The magnet for an MRI scanner makes up the large bulk of its price. The rest is actually pretty cheap. Little more than the patient handling gear (much the same as used on any X-Ray machine) some RF gear and compute. Years ago the compute was pretty expensive, you need to do a lot of FFTs, but by modern standards, trivial.
The big problem with the OP’s question is that it is a quite difficult problem to calculate. In principle all we need is the mass of the ball bearing, the distance from the magnet, the magnet’s strength, and its geometry. The equations for calculating the force on the ball bearing have been known for centuries. But they are not trivial. The main issue being that magnets are dipoles, and thus messy. If the question were “what is the force due to gravity on the ball bearing” it would be easy. Mass of ball, mass of MRI unit, distance, high school physics.
The point I have been laboring to make is that vibration of metallic objects in the oscillating field of the MRI machine is not the only concern; the video served to demonstrate that there is a large, non-oscillating force component that bears consideration. Whether the force on an ingested ball bearing is large enough to cause internal injury is still unknown, but I don’t think the question can be summarily dismissed.
“large amounts?” “all the time?” I’m curious for a cite that supports these assertions.
I hold in my hand a steel ball, 3/4" in diameter, which I would guess is about as large a someone would feel safe trying to swallow. It weighs 28.5 grams, or 1.01 oz.
Can someone take the next step in estimating what the force would be on a ball this size?
That’s why the suggestion to find one that’s about to be decommed. Causing a quench would just be a bonus to them.
As for the price of an MRI? Yeah, it’s huge. Not many hospitals own one around here. There’s a mobile 3T scanner that’s leased and shared among three local hospitals. AFAIK, it’s rotated among them - it’s driven from one to another for a week or so at a time, according to a friend who’s got ties to the board of directors for one of the hospitals.
OK, a few things. I was writing hastily (comes from posting at 2am). What you need are the dimensions of the ball and its permiability. So we have those, since it is a sphere, and made of steel. As I noted earlier, steel does not have a constant permiability. It rises with increasing flux density to a maximum that is considerably greater than the permiability at low fluxes, and then slowly diminishes to about 40% of the peak at the point where it saturates. Because we are using such huge field strengths from the main magnet, we need to take this into account. Indeed assuming the maximum value is probably not unreasonable.
That is the easy bit. The hard bit isn’t the ball, it is the main magnet. The force on the ball is dependant on the magnetic field gradient. If the ball was in a uniform field it would feel no force - you can regard the force as being the ball trying to find a place where the field is uniform. (It is uniform in the middle of the tunnel.) The actual gradient of the field around the magnet is dependant upon its geometry and design. Some MRI magnets are shielded, which significantly changes the gradient. You can’t actually shield the field, but you can direct it so that it stays closer to the physical magnet. This means that at a distance from the magnet the field is of much lower strength, but as you get within a critical distance the gradient is much higher than with an unshielded version. For the case where you had a ball bearing in your stomach the shielded version would be the more dangerous, with a much higher force exerted as you were trundled into the tunnel.

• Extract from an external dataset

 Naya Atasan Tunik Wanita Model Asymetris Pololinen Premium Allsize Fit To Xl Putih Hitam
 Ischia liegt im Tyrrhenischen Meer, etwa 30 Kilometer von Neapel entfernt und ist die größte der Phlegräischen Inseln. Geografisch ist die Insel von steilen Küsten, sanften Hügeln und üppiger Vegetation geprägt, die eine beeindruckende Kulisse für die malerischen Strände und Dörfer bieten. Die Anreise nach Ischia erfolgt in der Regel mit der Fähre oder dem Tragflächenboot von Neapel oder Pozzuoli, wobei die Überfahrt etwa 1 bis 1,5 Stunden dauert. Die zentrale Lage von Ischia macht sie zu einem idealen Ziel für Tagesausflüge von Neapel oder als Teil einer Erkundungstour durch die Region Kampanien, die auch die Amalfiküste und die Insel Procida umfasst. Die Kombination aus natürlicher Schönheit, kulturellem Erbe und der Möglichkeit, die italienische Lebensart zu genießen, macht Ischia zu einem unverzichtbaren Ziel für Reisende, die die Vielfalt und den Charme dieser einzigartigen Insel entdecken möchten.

I don’t know how often MRI’s are decommed, but NMR’s aren’t decommed very often, and they are essentially the same thing. Old NMR’s get moved to lower level labs, then to the undergrad labs. I a tually ran one as an undergrad that didn’t require liquid nitrogen. Honest to god, the thing was analogue with a pen that I manually scanned across the frequencies. That thing rocked.
The point is, if an MRI is still functional enough go produce a massive field, there is no reason to decommission it. There are plenty of rural hospitals that would love to get their hands on even a peice of crap MRI.

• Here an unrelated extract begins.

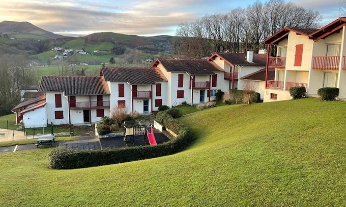 HOSTA Piscine Vue Montagnes offers accommodations in Souraïde, 13 miles from Saint Jean de Luz Train Station and 14 miles from Saint Jean Baptiste Church. This 2-star apartment offers pool with a view. There's a sun terrace and guests can use free Wifi and free private parking. Providing a balcony with mountain views, this apartment also offers a flat-screen TV, a well-equipped kitchen with a dishwasher, a microwave, and a toaster, as well as 1 bathroom with a shower. The property has an outdoor dining area. A children's playground is also available at the apartment, while guests can also relax in the garden. Biarritz La Négresse Train Station is 15 miles from HOSTA Piscine Vue Montagnes, while Hendaye Train Station is 22 miles away. Biarritz Airport is 11 miles from the property.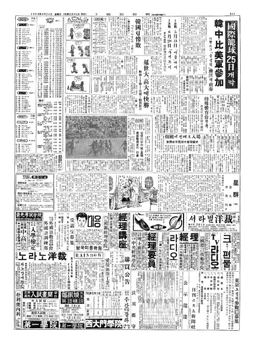 - 延世大(연세대)、高大(고대)에快勝(쾌승) 野球(야구)=5對(대)1·籠球(롱구)=90對(대)81로

The economics of MRI and NMR machines would preclude the use of any production unit for this experiment. However, there are probably magnets that could be used for this purpose, or with the coorperation of a manufacturer, a way to test this. But it would seem that the results could be predicted without conducting the experiment, at least to the extent that it could be determined if the ball bearing was either attracted with more than enough force, or nowhere enough force.
Nothing here is convincing me that it is for a magnetic ball bearing. The examples cited are about small light objects and cases where the object is free to accelerate. Of course what do I know? I can’t tell stainless steel from non-stainless.